Managing Telemetry Data Overflow in Kubernetes with Resource Quotas and Limits
One of the inherent challenges you'll face when working with Kubernetes is that a typical cluster includes many resources that produce telemetry data. Because producing and moving telemetry data consumes resources, you can end up in situations where different workloads are competing for the resources necessary to manage telemetry data. And if some workloads lack the resources necessary to process telemetry data quickly enough, the result could be blindspots in your Kubernetes monitoring and observability strategy.
Fortunately, Kubernetes offers some built-in features that can help alleviate these challenges: resource quotas and limits. Keep reading for a look at how resource quotas and limits can improve your clusters' ability to handle telemetry data, as well as how to get started leveraging these features for this purpose.
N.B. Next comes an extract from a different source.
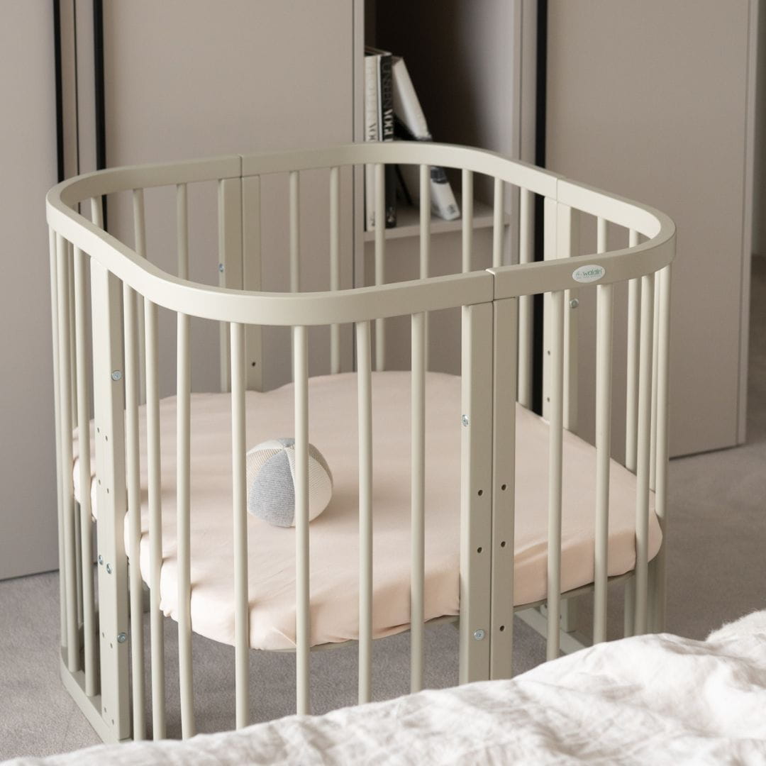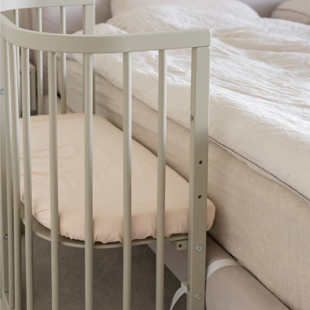 Istnieje możliwość dokupienia zestawu dwóch prześcieradeł pasujących na małą i dużą konfigurację łóżeczka 7w1 (prześcieradła jersey z gumką o rozmiarach: małe - 73x73 cm, duże - 73x122 cm) oraz prześcieradło do przystawki w rozmiarze 90x60 cm.
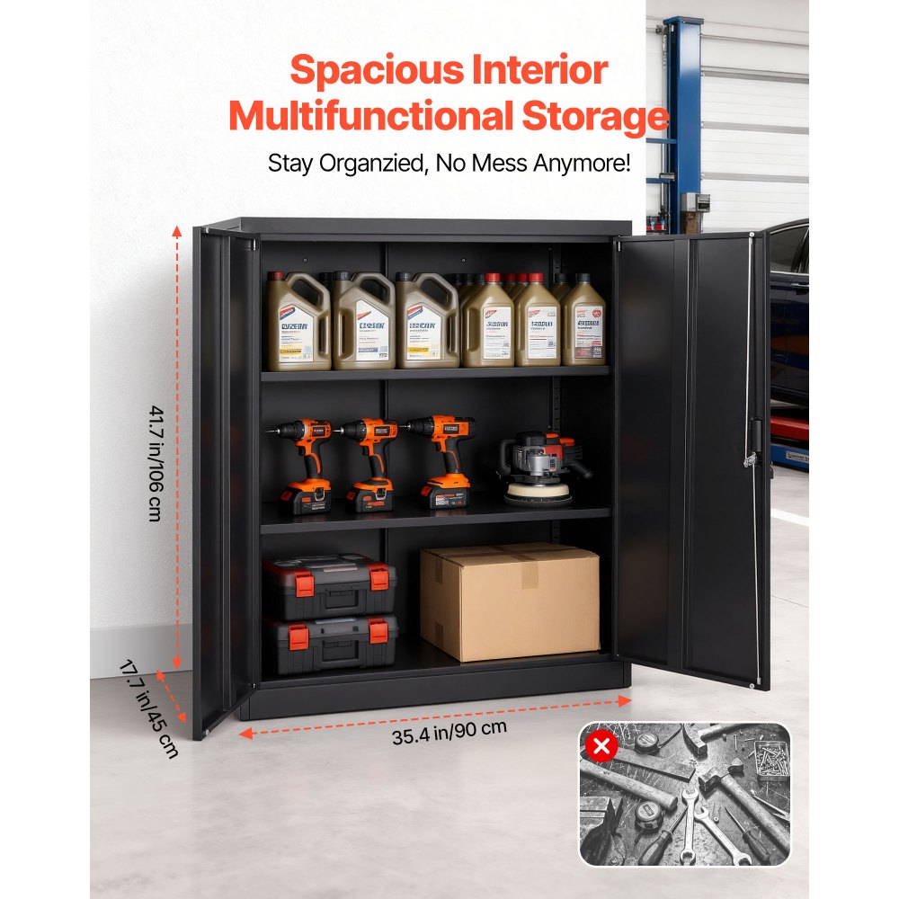 Armario de Almacenamiento Metálico de 3 Niveles para Garaje, con Estantes Ajustables, 2 Puertas Magnéticas y 2 Llaves, Apto para Despensa, Almacén y Sótano, Color Negro, 90 x 45 x 106 cm - Equipos de almacenamiento y manipulación

Kubernetes Telemetry Challenges
Before diving into how resource quotas and limits help to streamline telemetry in Kubernetes, let's talk a bit more about why telemetry can be a challenge in Kubernetes.
Telemetry is the generation, processing, and management of data that teams can use to monitor and observe IT environments. Typically, telemetry data is generated by an IT resource in the form of logs, traces, or metrics. Then, the resource transmits it – often with the help of a telemetry pipeline – to a location where it can be analyzed and/or stored over the long term.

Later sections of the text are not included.